** EXERCISE DATA **
BEGIN
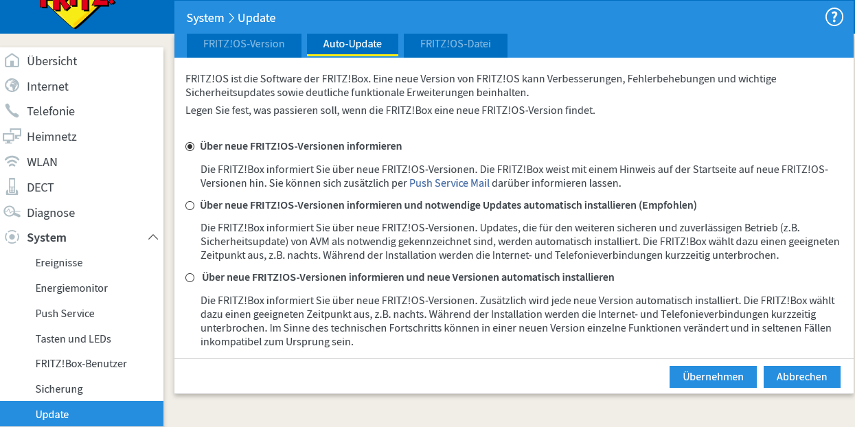Ich möchte gerne selbst entscheiden, ob und wann ich eine FritzOS-Version aufspielen möchte.
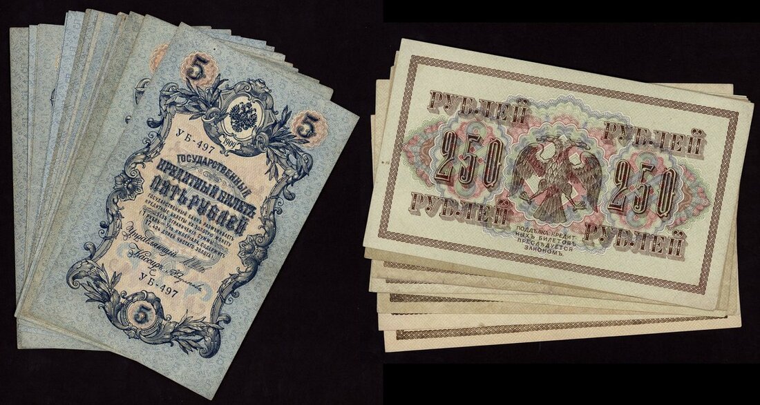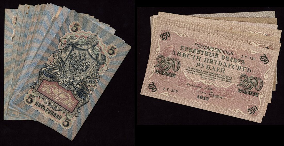 First Soviet Issue, 5 rubles (20), 250 rubles (10) 1917, (Pick 35, 36, Raybch 800, 809), good fine to good extremely fine (30 notes)
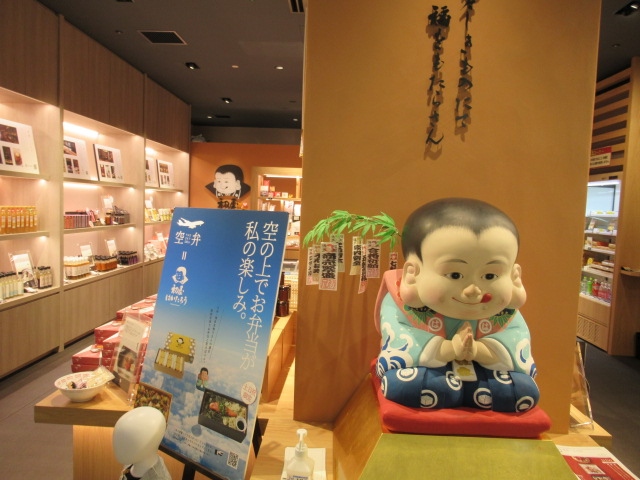 国内線ターミナル2階の中央エレベーター、エスカレーターの向かい側に「初屋はかたろう」があり、店先で「はかたろう人形」がお出迎え。落ち着いた雰囲気の居心地の良い店内は開放的で商品の品揃えが外からでも店内の様子がわかるディスプレイ効果もあります。
END
** EXERCISE REQUIREMENTS **
Please restate the lines above exactly, starting at the first line of the data and stopping at the line containing "First Soviet Issue, 5", which is included. Omit pictures.

** REPLY **
Ich möchte gerne selbst entscheiden, ob und wann ich eine FritzOS-Version aufspielen möchte.
 First Soviet Issue, 5 rubles (20), 250 rubles (10) 1917, (Pick 35, 36, Raybch 800, 809), good fine to good extremely fine (30 notes)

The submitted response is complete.